- _Instructions for the task_
Everything in the listing below should be repeated exactly, apart from the pictures.

- _Data segment_
########
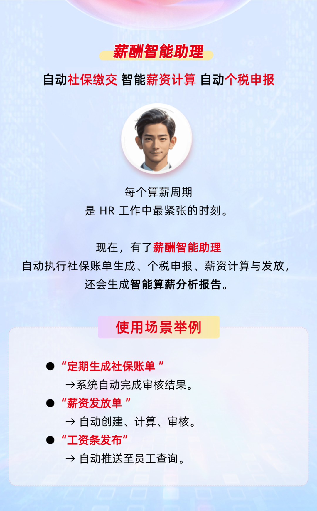 全面实现薪酬管理的全流程自动化与智能化,它以智能算薪中枢为核心,自动算薪、社保账单生成、个税申报,连报盘文件都能一键完成。
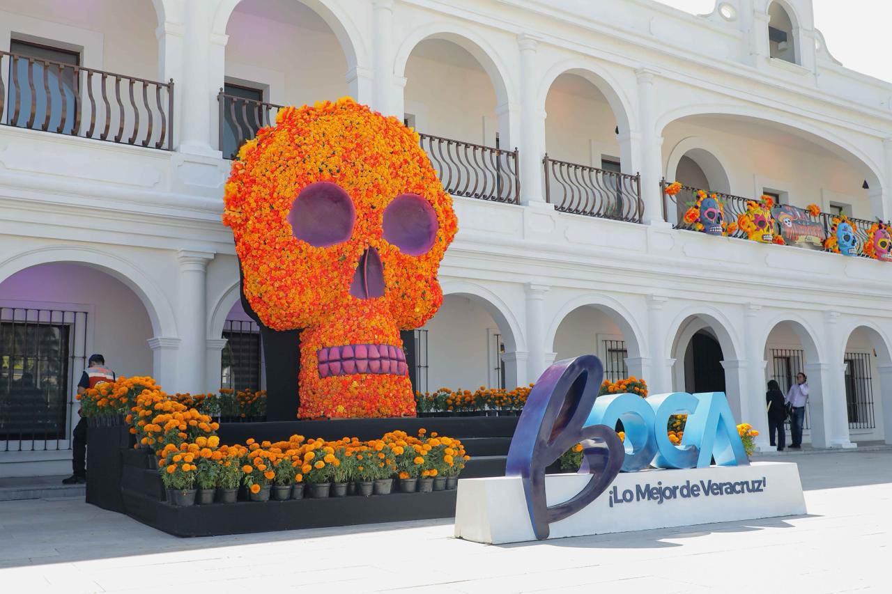 Como parte del programa “Día de Muertos en Boca”, en la Plaza Cívica Benito Juárez se instaló una calavera monumental decorada con flores de cempasúchil, la cual se ha convertido en un bello escenario para que las familias y visitantes se tomen fotografías.
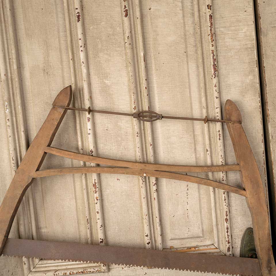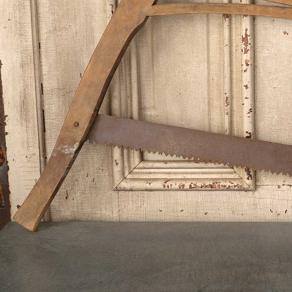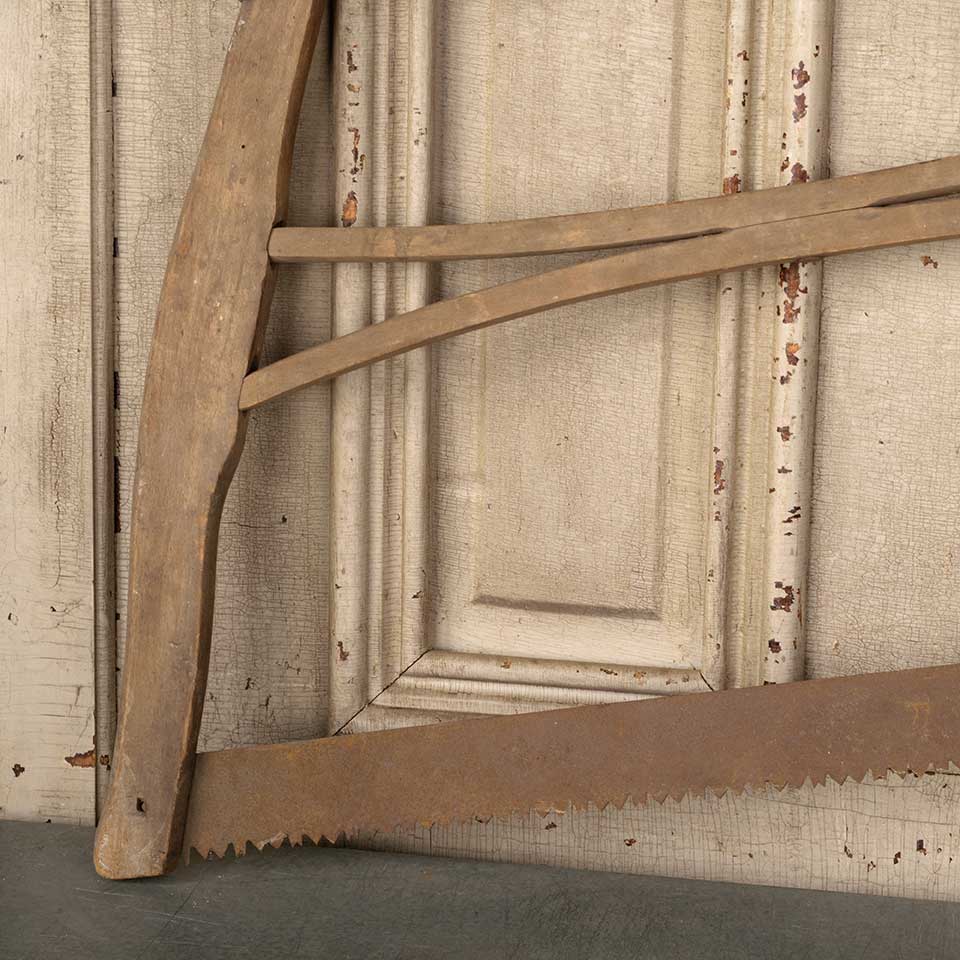 Antique primitive oak buck bow wood cutting handsaw measuring approx. 34 1/4" long x 25 1/4" tall x 1" thick. See photos to evaluate condition.
########
- _Task result_
 全面实现薪酬管理的全流程自动化与智能化,它以智能算薪中枢为核心,自动算薪、社保账单生成、个税申报,连报盘文件都能一键完成。
 Como parte del programa “Día de Muertos en Boca”, en la Plaza Cívica Benito Juárez se instaló una calavera monumental decorada con flores de cempasúchil, la cual se ha convertido en un bello escenario para que las familias y visitantes se tomen fotografías.
 Antique primitive oak buck bow wood cutting handsaw measuring approx. 34 1/4" long x 25 1/4" tall x 1" thick. See photos to evaluate condition.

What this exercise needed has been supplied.